I see the table is encoded in "UTF8", I mean I have a column like:

 `label` varchar(255) CHARACTER SET utf8mb3 COLLATE utf8mb3_general_ci DEFAULT NULL,

I store some some Chinese text, it shows quite well under some mysql gui client such as Navicat or Heidisql.

Now, I try to read the text, I got a std::string, which has many "???", I see each "?" is for a single Chinese char.

When I try to print the byte value of each "?", I got "3f 3f".

So, I believe soci automatically convert the stored chars? Any ideas?

I see a similar question in this issue: can std::string of soci hold the right utf8 data? · Issue #525 · SOCI/soci

But I don't find any document of soci mention the encoding related topics.
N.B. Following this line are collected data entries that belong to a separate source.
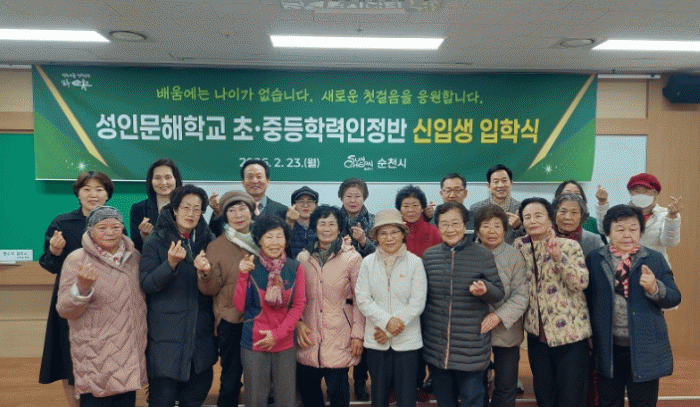 ¼øÃµ½Ã´Â Áö³­ 23ÀÏ ¼øÃµ½Ã Æò»ýÇнÀ°ü¿¡¼­ 2026³â ¼ºÀι®ÇØÇб³ ÀÔÇнÄÀ» °³ÃÖÇϰí ÃʵîÇзÂÀÎÁ¤¹Ý 12¸í, ÁßµîÇзÂÀÎÁ¤¹Ý 15¸í µî ÃÑ 27¸íÀÇ ½ÅÀÔ»ýÀ» ¸ÂÀÌÇß´Ù. À̹ø ÀÔÇнÄÀº ¹è¿òÀÇ ±âȸ¸¦ ³õÃÆ´ø ÇнÀÀÚµéÀÌ ´Ù½Ã ±³½Ç·Î µ¹¾Æ¿Í Çо÷ÀÇ ²ÞÀ» À̾´Â ¶æ±íÀº ÀÚ¸®·Î ¸¶·ÃµÆ´Ù. Æò±Õ ¿¬·É 75¼¼ÀÇ ½ÅÀÔ»ýµéÀº ´ÊÀº ³ªÀÌ¿¡µµ ¹è¿ò¿¡ ´ëÇÑ ¿­Á¤À» º¸¿©ÁÖ¸ç ÇöÀå¿¡ µû¶æÇÑ °¨µ¿À» ÀüÇß´Ù. ÀÔÇнĿ¡¼­´Â Áßµî 1´Ü°è ½ÅÀÔ»ý ´ëÇ¥°¡ ¼±¼­¹®À» ³¶µ¶ÇÏ¸ç ¡°¼­·Î °Ý·ÁÇÏ°í ³¡±îÁö Æ÷±âÇÏÁö ¾ÊÀ¸¸ç ¼º½ÇÈ÷ Çо÷¿¡ ÀÓÇϰڴ١±°í ´ÙÁüÇØ Å« ¹Ú¼ö¸¦ ¹Þ¾Ò´Ù. ÇÑÆí, ¼øÃµ½Ã´Â 2013³â ÃʵîÇзÂÀÎÁ¤¹ÝÀ» ½ÃÀÛÀ¸·Î 2017³â ÁßµîÇзÂÀÎÁ¤¹ÝÀ» °³¼³ÇØ Áö¼ÓÀûÀ¸·Î ¿î¿µÇØ ¿À°í ÀÖ´Ù. ±×µ¿¾È ÃʵîÇз 121¸í, ÁßµîÇз 46¸í µî ÃÑ 167¸íÀÌ ÇзÂÀ» ÀÎÁ¤¹ÞÀ¸¸ç ¸¸ÇÐÀÇ °á½ÇÀ» ¸Î¾ú´Ù. ¿ÃÇØ´Â Ãʵî 1¡¤2¡¤3´Ü°è¿Í Áßµî 1¡¤2´Ü°è µî ÃÑ 5°³ °úÁ¤À» ¿î¿µÇϸç, 3³â °úÁ¤À» À̼öÇϸé ÃÊ¡¤Áßµî ÇзÂÀ» ÀÎÁ¤¹ÞÀ» ¼ö ÀÖ´Ù. ½Ã °ü°èÀÚ´Â ¡°¾ÕÀ¸·Îµµ ´Ù¾çÇÑ ¸ÂÃãÇü Æò»ý±³À° ÇÁ·Î±×·¥À» ÅëÇØ ¹è¿òÀÌ ÀÏ»óÀÌ µÇ´Â ÇнÀµµ½Ã Á¶¼º¿¡ Èû¾²°Ú´Ù¡±°í ¹àÇû´Ù.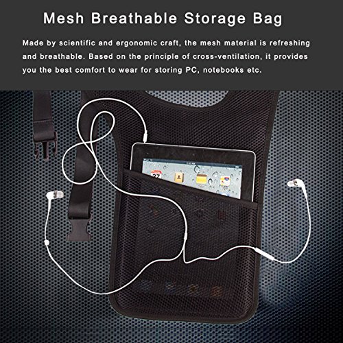 -. Feature : Durable nylon for anti-scratch and water resistance, breathable mesh material for comfortable wearing, sutiable for both cold and hot days. / The telescopic fastener is adjustable for different heights, a great companion for you in working, going home, travel and business trip. / Inside jacket with three pockets for superb convenience to store your items: iPhone, cellphone, tablet PC, keys, pen, passport, crash, MP3, etc. / A breathable mesh pocket on the back for a 7-10 inches PC, and a rope for easily hanging your earphones, sunglasses, interphone or mini LED flashlight. / This bag provides you with double protection, hands-free convenience and zero stress, for long-term comfort during traveling and on the way.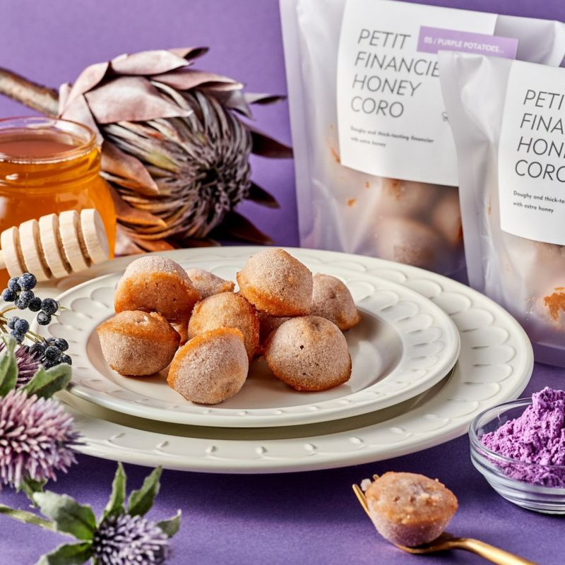 ハニコロフィナンシェ・紫芋はしっとりとした食感とほんのりとした甘さが人気の一品です。

asmwarrior commented 10 months ago

Further information, if I put some text like “abcd中文" in the mysql, when I read in soci's std::string, I got "abcd??", which means the English chars are convert correctly, but not Chinese chars.

asmwarrior commented 10 months ago

This comes another question, how to specify the encode format?

Since I'm under Windows, I guess the default format is "GB2312", and maybe soci try to use the default format to convert the byte array stored in Mysql, which is in "UTF8" format.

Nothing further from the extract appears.